简单易用,但线性假设限制了其使用范围。在不清楚特征之间的关系的情况下,可以使用共线性回归模型作为大多数科学实验的基线系统。

from sklearn.datasets import load_boston
from sklearn.model_selection import train_test_split
from sklearn.preprocessing import StandardScaler
from sklearn.linear_model import LinearRegression,SGDRegressor
from sklearn.metrics import r2_score,mean_squared_error,mean_absolute_error

boston = load_boston()
X, y = boston.data, boston.target
y = y.reshape(-1,1)
X_train, X_test, y_train, y_test = train_test_split(X, y, test_size=.25, random_state=33)
#预测目标房价之间的差异较大,因此需要对特征及目标值进行标准化处理
ss_X,  ss_y= StandardScaler(), StandardScaler()
X_train, y_train = ss_X.fit_transform(X_train), ss_y.fit_transform(y_train)
X_test, y_test = ss_X.transform(X_test), ss_y.transform(y_test)
y_train, y_test= y_train.reshape(-1,), y_test.reshape(-1,)

#LinearRegression
lr = LinearRegression()
lr.fit(X_train, y_train)
lr_y_pred = lr.predict(X_test)
print("The value of default measurement of LinearRegression is {sc}".format(sc=lr.score(X_test,y_test)))
print("The value of R-squared of LinearRegression is {}".format(r2_score(y_test,lr_y_pred)))
print("The mean squared error of LinearRegression is {}".format(mean_squared_error(y_test,lr_y_pred)))
print("The mean absoluate error of LinearRegression is {}".format(mean_absolute_error(y_test, lr_y_pred)))

#SGDRegressor
sgdr = SGDRegressor()
sgdr.fit(X_train, y_train)
sgdr_y_pred = sgdr.predict(X_test)
print("The value of default measurement of SGDRegressor is {sc}".format(sc=sgdr.score(X_test,y_test)))
print("The value of R-squared of SGDRegressor is {}".format(r2_score(y_test,sgdr_y_pred)))
print("The mean squared error of SGDRegressor is {}".format(mean_squared_error(y_test,sgdr_y_pred)))
print("The mean absoluate error of SGDRegressor is {}".format(mean_absolute_error(y_test, sgdr_y_pred)))

--------------------
The value of default measurement of LinearRegression is 0.6763403830998702
The value of R-squared of LinearRegression is 0.6763403830998702
The mean squared error of LinearRegression is 0.2914340857699757
The mean absoluate error of LinearRegression is 0.379976703912958
The value of default measurement of SGDRegressor is 0.6550953755633774
The value of R-squared of SGDRegressor is 0.6550953755633774
The mean squared error of SGDRegressor is 0.31056381041055237
The mean absoluate error of SGDRegressor is 0.3787925618115339

二、支持向量机(SVM)

使用三种不同核函数配置的SVM回归模型进行预测,并且分别对测试数据做出预测。

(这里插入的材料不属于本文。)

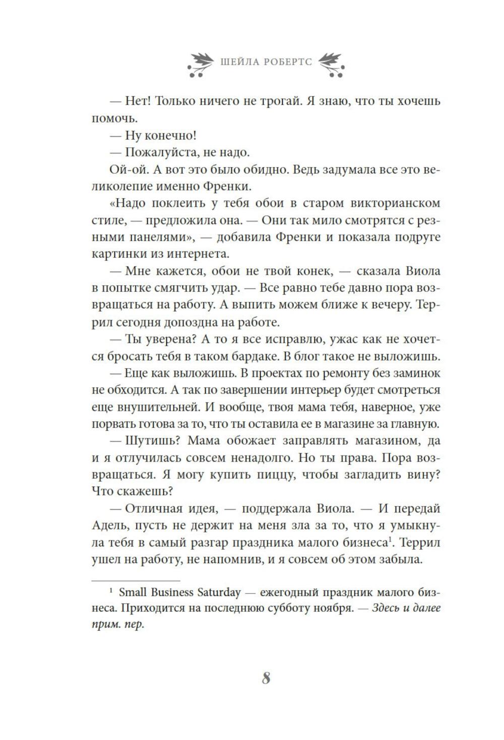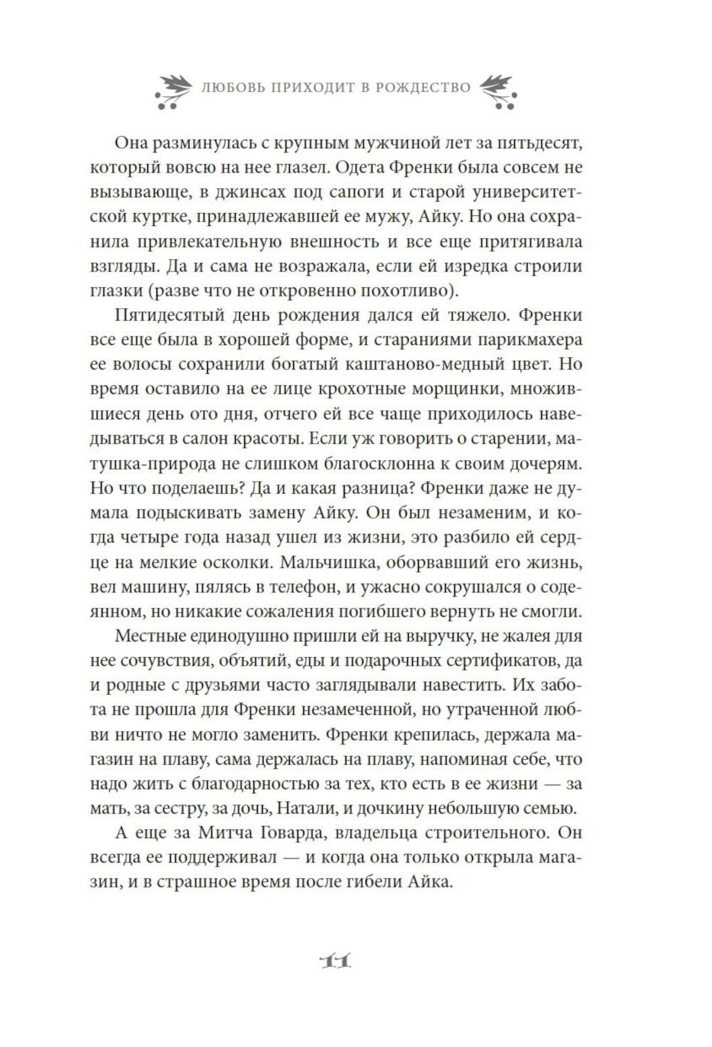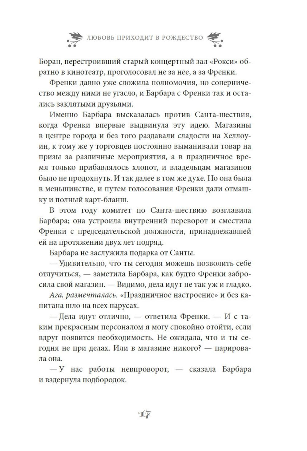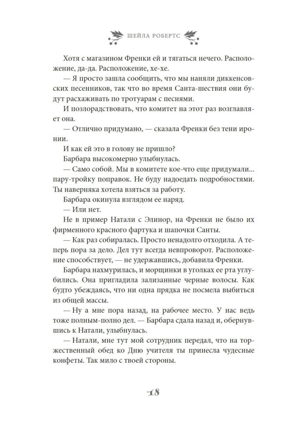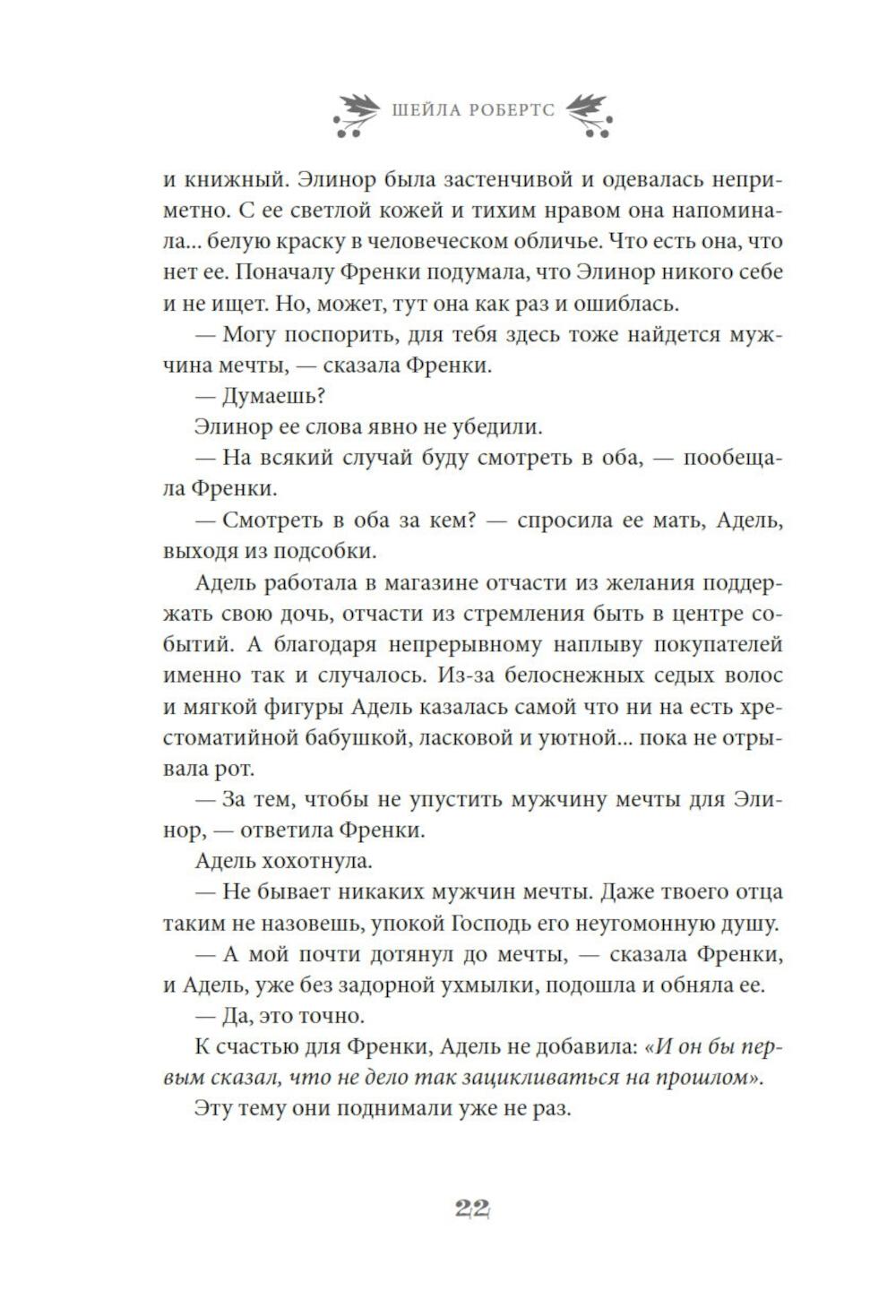 Найдется ли фраза прекраснее и романтичнее чем «и жили они долго и счастливо»? Френки Лейн, владелица магазинчика «Праздничное настроение» с уверенностью ответит, что нет. Разве только «и жили они долго и счастливо благодаря Френки Лейн». Ведь Френки знает, что лучше практически для всех ее родных и друзей. К примеру, она считает, что ее сестра Стеф еще слишком молода, чтобы отказываться от любви. Дочь Френки Натали непременно должна открыть свою кондитерскую лавку. А застенчивой Элинор нужно сменить образ. Фрэнки уверена, что могла бы помочь им всем, если бы они только позволили ей - и если бы вся ее помощь не закончилась катастрофой. А еще есть Митч Ховард - самый прекрасный мужчина на свете: спокойный, мудрый и добросердечный, - и по совместительству - лучший друг Френки. Конечно, Митчу нужна дама сердца. И Френки полна решимости найти ему эту женщину, хочет он того или нет. Но, как известно, любовь приходит в Рождество. Очаровательная рождественская история в духе «Эммы» Джейн Остин, которая искрится теплом, остроумием и счастьем.| Издательство | Азбука |

在使用高斯核函数对特征进行非线性映射之后,SVM展现了最佳的回归性能

from sklearn.svm import SVR
#线性核函数
linear_svr = SVR(kernel='linear')
linear_svr.fit(X_train, y_train)
linear_svr_y_pred = linear_svr.predict(X_test)
print("The value of default measurement of linear_svr is {sc}".format(sc=linear_svr.score(X_test,y_test)))
print("The mean squared error of linear_svr is {}".format(mean_squared_error(y_test,linear_svr_y_pred)))
print("The mean absoluate error of linear_svr is {}".format(mean_absolute_error(y_test, linear_svr_y_pred)))
#多项式核函数
poly_svr = SVR(kernel='poly')
poly_svr.fit(X_train, y_train)
poly_svr_y_pred = poly_svr.predict(X_test)
print("The value of default measurement of poly_svr is {sc}".format(sc=poly_svr.score(X_test,y_test)))
print("The mean squared error of poly_svr is {}".format(mean_squared_error(y_test,poly_svr_y_pred)))
print("The mean absoluate error of poly_svr is {}".format(mean_absolute_error(y_test, poly_svr_y_pred)))
#高斯核函数
rbf_svr = SVR(kernel='rbf')
rbf_svr.fit(X_train, y_train)
rbf_svr_y_pred = rbf_svr.predict(X_test)
print("The value of default measurement of rbf_svr is {sc}".format(sc=rbf_svr.score(X_test,y_test)))
print("The mean squared error of rbf_svr is {}".format(mean_squared_error(y_test,rbf_svr_y_pred)))
print("The mean absoluate error of rbf_svr is {}".format(mean_absolute_error(y_test, rbf_svr_y_pred)))
-----------------
output:
The value of default measurement of linear_svr is 0.651717097429608
The mean squared error of linear_svr is 0.31360572651000684
The mean absoluate error of linear_svr is 0.3692598109626841

The value of default measurement of poly_svr is 0.40445405800289286
The mean squared error of poly_svr is 0.5362497453412647
The mean absoluate error of poly_svr is 0.4043235900151712

The value of default measurement of rbf_svr is 0.7564068912273935
The mean squared error of rbf_svr is 0.21933948892028846
The mean absoluate error of rbf_svr is 0.28099219092230115

三、KNN

借助周围的K个最近的训练样本的目标数值,对待测样本的回归值进行决策。采用算术平均和加权平均

uni_knr = KNeighborsRegressor(weights='uniform')
uni_knr.fit(X_train, y_train)
uni_knr_y_predict =uni_knr.predict(X_test)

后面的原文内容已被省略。